*BRIEF*
The line containing "Graf retired at" marks the end: extract everything from the first line of the data through that line, exactly, with no pictures.

*INFORMATION SUPPLIED*
________

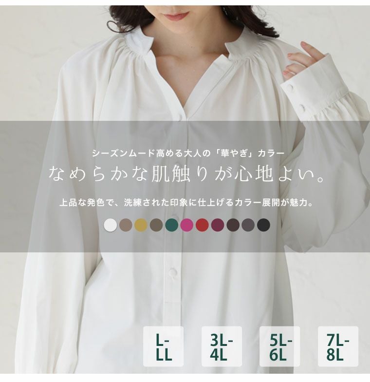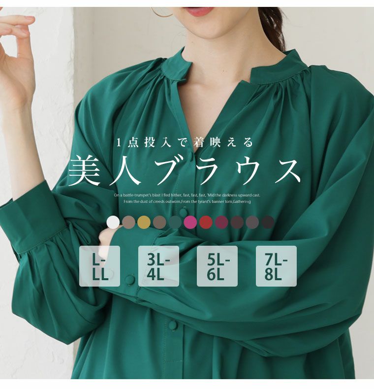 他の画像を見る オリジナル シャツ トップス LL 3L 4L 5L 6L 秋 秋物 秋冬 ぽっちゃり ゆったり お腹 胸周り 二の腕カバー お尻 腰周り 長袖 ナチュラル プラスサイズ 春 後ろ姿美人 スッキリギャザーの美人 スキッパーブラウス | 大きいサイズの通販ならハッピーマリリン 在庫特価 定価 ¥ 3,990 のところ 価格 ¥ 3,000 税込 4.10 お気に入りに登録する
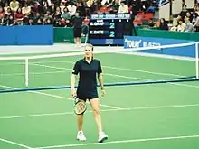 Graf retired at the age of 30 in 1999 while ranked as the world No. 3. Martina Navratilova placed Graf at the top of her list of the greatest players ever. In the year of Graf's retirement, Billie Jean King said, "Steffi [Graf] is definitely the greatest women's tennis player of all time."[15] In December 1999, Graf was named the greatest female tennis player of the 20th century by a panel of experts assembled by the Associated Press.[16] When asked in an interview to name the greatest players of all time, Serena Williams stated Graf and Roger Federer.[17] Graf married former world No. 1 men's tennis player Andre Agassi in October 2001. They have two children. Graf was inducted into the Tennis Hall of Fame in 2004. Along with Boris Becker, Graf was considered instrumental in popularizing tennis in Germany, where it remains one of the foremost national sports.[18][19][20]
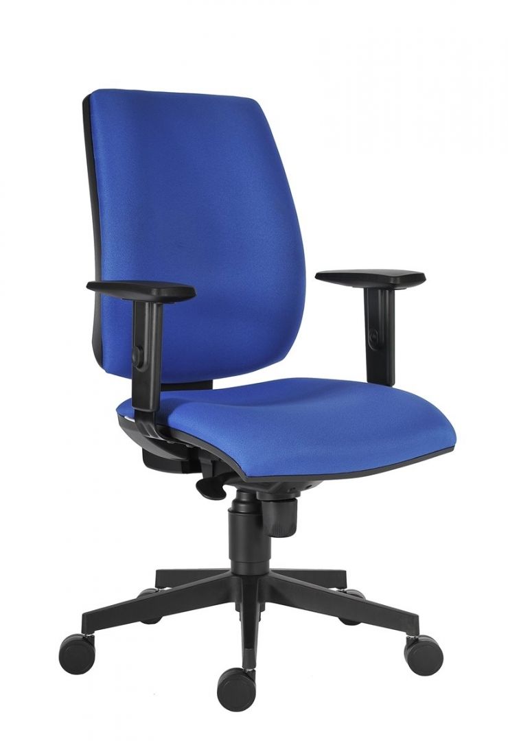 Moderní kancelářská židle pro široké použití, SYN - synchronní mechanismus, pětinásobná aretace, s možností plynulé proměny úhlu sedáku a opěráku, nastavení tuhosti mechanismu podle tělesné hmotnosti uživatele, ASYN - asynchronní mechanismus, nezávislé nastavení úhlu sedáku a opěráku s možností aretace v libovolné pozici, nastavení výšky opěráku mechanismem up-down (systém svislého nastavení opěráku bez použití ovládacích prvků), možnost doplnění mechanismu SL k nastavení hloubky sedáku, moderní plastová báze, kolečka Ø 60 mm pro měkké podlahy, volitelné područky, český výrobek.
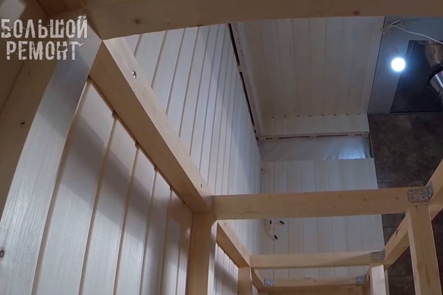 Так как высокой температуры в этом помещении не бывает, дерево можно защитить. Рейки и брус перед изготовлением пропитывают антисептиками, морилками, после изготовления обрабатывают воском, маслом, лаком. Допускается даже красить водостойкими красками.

________

*OUTPUT FOR THIS EXERCISE*
 他の画像を見る オリジナル シャツ トップス LL 3L 4L 5L 6L 秋 秋物 秋冬 ぽっちゃり ゆったり お腹 胸周り 二の腕カバー お尻 腰周り 長袖 ナチュラル プラスサイズ 春 後ろ姿美人 スッキリギャザーの美人 スキッパーブラウス | 大きいサイズの通販ならハッピーマリリン 在庫特価 定価 ¥ 3,990 のところ 価格 ¥ 3,000 税込 4.10 お気に入りに登録する
 Graf retired at the age of 30 in 1999 while ranked as the world No. 3. Martina Navratilova placed Graf at the top of her list of the greatest players ever. In the year of Graf's retirement, Billie Jean King said, "Steffi [Graf] is definitely the greatest women's tennis player of all time."[15] In December 1999, Graf was named the greatest female tennis player of the 20th century by a panel of experts assembled by the Associated Press.[16] When asked in an interview to name the greatest players of all time, Serena Williams stated Graf and Roger Federer.[17] Graf married former world No. 1 men's tennis player Andre Agassi in October 2001. They have two children. Graf was inducted into the Tennis Hall of Fame in 2004. Along with Boris Becker, Graf was considered instrumental in popularizing tennis in Germany, where it remains one of the foremost national sports.[18][19][20]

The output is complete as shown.